*** Opening RECORD EXTRACTS ***
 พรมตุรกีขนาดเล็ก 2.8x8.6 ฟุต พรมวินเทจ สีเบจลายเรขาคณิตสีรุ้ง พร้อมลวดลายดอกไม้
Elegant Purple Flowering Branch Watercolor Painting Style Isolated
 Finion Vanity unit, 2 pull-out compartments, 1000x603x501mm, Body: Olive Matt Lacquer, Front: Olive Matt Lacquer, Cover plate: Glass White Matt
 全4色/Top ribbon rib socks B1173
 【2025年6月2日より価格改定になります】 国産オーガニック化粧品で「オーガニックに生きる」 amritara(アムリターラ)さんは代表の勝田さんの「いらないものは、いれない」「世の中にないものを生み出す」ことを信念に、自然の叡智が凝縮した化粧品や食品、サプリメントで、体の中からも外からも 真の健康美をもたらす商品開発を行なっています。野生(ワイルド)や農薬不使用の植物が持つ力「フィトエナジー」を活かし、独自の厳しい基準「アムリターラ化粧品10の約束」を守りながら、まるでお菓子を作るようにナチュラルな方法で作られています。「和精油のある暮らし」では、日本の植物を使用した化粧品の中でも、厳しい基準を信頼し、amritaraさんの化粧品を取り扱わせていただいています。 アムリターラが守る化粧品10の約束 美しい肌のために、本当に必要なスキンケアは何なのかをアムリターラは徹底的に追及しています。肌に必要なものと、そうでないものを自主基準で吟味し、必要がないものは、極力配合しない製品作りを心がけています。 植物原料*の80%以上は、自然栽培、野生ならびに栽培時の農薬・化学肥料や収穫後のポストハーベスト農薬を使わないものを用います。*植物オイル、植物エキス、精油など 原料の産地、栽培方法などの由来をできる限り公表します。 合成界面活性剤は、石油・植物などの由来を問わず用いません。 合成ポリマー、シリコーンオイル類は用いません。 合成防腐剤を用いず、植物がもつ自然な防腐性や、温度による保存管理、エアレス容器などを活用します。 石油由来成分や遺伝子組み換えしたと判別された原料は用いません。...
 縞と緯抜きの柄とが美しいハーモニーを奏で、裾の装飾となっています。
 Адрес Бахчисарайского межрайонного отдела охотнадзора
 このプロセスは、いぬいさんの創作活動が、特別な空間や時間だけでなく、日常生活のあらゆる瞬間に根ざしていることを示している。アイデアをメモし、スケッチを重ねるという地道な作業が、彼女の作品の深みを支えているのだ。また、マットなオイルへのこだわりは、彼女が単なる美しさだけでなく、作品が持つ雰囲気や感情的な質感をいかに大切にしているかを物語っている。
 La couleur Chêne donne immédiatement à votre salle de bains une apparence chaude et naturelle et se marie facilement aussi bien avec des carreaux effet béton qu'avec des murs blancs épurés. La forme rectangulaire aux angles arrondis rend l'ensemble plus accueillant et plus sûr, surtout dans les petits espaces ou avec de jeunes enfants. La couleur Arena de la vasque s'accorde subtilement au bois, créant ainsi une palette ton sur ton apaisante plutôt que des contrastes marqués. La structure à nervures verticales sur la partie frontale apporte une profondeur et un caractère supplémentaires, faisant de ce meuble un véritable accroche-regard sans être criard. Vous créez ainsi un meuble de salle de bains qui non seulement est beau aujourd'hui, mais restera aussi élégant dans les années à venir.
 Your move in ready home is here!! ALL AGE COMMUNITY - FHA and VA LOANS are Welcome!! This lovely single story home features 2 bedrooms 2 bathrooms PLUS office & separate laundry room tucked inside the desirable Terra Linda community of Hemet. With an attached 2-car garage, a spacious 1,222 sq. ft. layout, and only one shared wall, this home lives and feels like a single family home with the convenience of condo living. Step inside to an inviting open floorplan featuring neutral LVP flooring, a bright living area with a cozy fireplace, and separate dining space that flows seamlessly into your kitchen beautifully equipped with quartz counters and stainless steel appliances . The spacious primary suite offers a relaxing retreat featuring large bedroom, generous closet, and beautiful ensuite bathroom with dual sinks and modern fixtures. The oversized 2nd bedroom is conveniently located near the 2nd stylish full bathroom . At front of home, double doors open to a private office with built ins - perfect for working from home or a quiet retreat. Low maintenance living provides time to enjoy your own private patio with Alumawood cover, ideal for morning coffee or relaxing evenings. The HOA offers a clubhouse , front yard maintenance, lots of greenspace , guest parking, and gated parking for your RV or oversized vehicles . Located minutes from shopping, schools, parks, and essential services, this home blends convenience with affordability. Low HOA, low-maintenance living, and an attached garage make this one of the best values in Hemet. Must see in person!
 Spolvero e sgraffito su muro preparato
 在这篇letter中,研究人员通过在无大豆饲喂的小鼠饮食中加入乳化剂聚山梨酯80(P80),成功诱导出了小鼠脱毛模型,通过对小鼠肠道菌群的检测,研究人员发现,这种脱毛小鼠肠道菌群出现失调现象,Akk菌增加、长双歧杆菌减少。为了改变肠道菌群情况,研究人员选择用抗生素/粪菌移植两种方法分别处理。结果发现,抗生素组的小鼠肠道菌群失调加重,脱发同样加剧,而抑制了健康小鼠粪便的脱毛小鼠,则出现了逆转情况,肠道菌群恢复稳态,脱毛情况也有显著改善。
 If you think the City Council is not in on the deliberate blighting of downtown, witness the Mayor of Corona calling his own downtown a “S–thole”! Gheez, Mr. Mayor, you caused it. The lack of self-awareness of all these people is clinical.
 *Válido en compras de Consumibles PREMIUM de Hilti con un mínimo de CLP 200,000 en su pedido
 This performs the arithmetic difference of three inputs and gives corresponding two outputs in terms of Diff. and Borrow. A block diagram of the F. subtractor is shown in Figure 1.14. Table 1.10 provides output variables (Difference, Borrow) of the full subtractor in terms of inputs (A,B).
*** Closing RECORD EXTRACTS ***
● YOUR GOAL: Without leaving anything out, transcribe the records above exactly.

● RESULT FOR THIS TASK:
 พรมตุรกีขนาดเล็ก 2.8x8.6 ฟุต พรมวินเทจ สีเบจลายเรขาคณิตสีรุ้ง พร้อมลวดลายดอกไม้
Elegant Purple Flowering Branch Watercolor Painting Style Isolated
 Finion Vanity unit, 2 pull-out compartments, 1000x603x501mm, Body: Olive Matt Lacquer, Front: Olive Matt Lacquer, Cover plate: Glass White Matt
 全4色/Top ribbon rib socks B1173
 【2025年6月2日より価格改定になります】 国産オーガニック化粧品で「オーガニックに生きる」 amritara(アムリターラ)さんは代表の勝田さんの「いらないものは、いれない」「世の中にないものを生み出す」ことを信念に、自然の叡智が凝縮した化粧品や食品、サプリメントで、体の中からも外からも 真の健康美をもたらす商品開発を行なっています。野生(ワイルド)や農薬不使用の植物が持つ力「フィトエナジー」を活かし、独自の厳しい基準「アムリターラ化粧品10の約束」を守りながら、まるでお菓子を作るようにナチュラルな方法で作られています。「和精油のある暮らし」では、日本の植物を使用した化粧品の中でも、厳しい基準を信頼し、amritaraさんの化粧品を取り扱わせていただいています。 アムリターラが守る化粧品10の約束 美しい肌のために、本当に必要なスキンケアは何なのかをアムリターラは徹底的に追及しています。肌に必要なものと、そうでないものを自主基準で吟味し、必要がないものは、極力配合しない製品作りを心がけています。 植物原料*の80%以上は、自然栽培、野生ならびに栽培時の農薬・化学肥料や収穫後のポストハーベスト農薬を使わないものを用います。*植物オイル、植物エキス、精油など 原料の産地、栽培方法などの由来をできる限り公表します。 合成界面活性剤は、石油・植物などの由来を問わず用いません。 合成ポリマー、シリコーンオイル類は用いません。 合成防腐剤を用いず、植物がもつ自然な防腐性や、温度による保存管理、エアレス容器などを活用します。 石油由来成分や遺伝子組み換えしたと判別された原料は用いません。...
 縞と緯抜きの柄とが美しいハーモニーを奏で、裾の装飾となっています。
 Адрес Бахчисарайского межрайонного отдела охотнадзора
 このプロセスは、いぬいさんの創作活動が、特別な空間や時間だけでなく、日常生活のあらゆる瞬間に根ざしていることを示している。アイデアをメモし、スケッチを重ねるという地道な作業が、彼女の作品の深みを支えているのだ。また、マットなオイルへのこだわりは、彼女が単なる美しさだけでなく、作品が持つ雰囲気や感情的な質感をいかに大切にしているかを物語っている。
 La couleur Chêne donne immédiatement à votre salle de bains une apparence chaude et naturelle et se marie facilement aussi bien avec des carreaux effet béton qu'avec des murs blancs épurés. La forme rectangulaire aux angles arrondis rend l'ensemble plus accueillant et plus sûr, surtout dans les petits espaces ou avec de jeunes enfants. La couleur Arena de la vasque s'accorde subtilement au bois, créant ainsi une palette ton sur ton apaisante plutôt que des contrastes marqués. La structure à nervures verticales sur la partie frontale apporte une profondeur et un caractère supplémentaires, faisant de ce meuble un véritable accroche-regard sans être criard. Vous créez ainsi un meuble de salle de bains qui non seulement est beau aujourd'hui, mais restera aussi élégant dans les années à venir.
 Your move in ready home is here!! ALL AGE COMMUNITY - FHA and VA LOANS are Welcome!! This lovely single story home features 2 bedrooms 2 bathrooms PLUS office & separate laundry room tucked inside the desirable Terra Linda community of Hemet. With an attached 2-car garage, a spacious 1,222 sq. ft. layout, and only one shared wall, this home lives and feels like a single family home with the convenience of condo living. Step inside to an inviting open floorplan featuring neutral LVP flooring, a bright living area with a cozy fireplace, and separate dining space that flows seamlessly into your kitchen beautifully equipped with quartz counters and stainless steel appliances . The spacious primary suite offers a relaxing retreat featuring large bedroom, generous closet, and beautiful ensuite bathroom with dual sinks and modern fixtures. The oversized 2nd bedroom is conveniently located near the 2nd stylish full bathroom . At front of home, double doors open to a private office with built ins - perfect for working from home or a quiet retreat. Low maintenance living provides time to enjoy your own private patio with Alumawood cover, ideal for morning coffee or relaxing evenings. The HOA offers a clubhouse , front yard maintenance, lots of greenspace , guest parking, and gated parking for your RV or oversized vehicles . Located minutes from shopping, schools, parks, and essential services, this home blends convenience with affordability. Low HOA, low-maintenance living, and an attached garage make this one of the best values in Hemet. Must see in person!
 Spolvero e sgraffito su muro preparato
 在这篇letter中,研究人员通过在无大豆饲喂的小鼠饮食中加入乳化剂聚山梨酯80(P80),成功诱导出了小鼠脱毛模型,通过对小鼠肠道菌群的检测,研究人员发现,这种脱毛小鼠肠道菌群出现失调现象,Akk菌增加、长双歧杆菌减少。为了改变肠道菌群情况,研究人员选择用抗生素/粪菌移植两种方法分别处理。结果发现,抗生素组的小鼠肠道菌群失调加重,脱发同样加剧,而抑制了健康小鼠粪便的脱毛小鼠,则出现了逆转情况,肠道菌群恢复稳态,脱毛情况也有显著改善。
 If you think the City Council is not in on the deliberate blighting of downtown, witness the Mayor of Corona calling his own downtown a “S–thole”! Gheez, Mr. Mayor, you caused it. The lack of self-awareness of all these people is clinical.
 *Válido en compras de Consumibles PREMIUM de Hilti con un mínimo de CLP 200,000 en su pedido
 This performs the arithmetic difference of three inputs and gives corresponding two outputs in terms of Diff. and Borrow. A block diagram of the F. subtractor is shown in Figure 1.14. Table 1.10 provides output variables (Difference, Borrow) of the full subtractor in terms of inputs (A,B).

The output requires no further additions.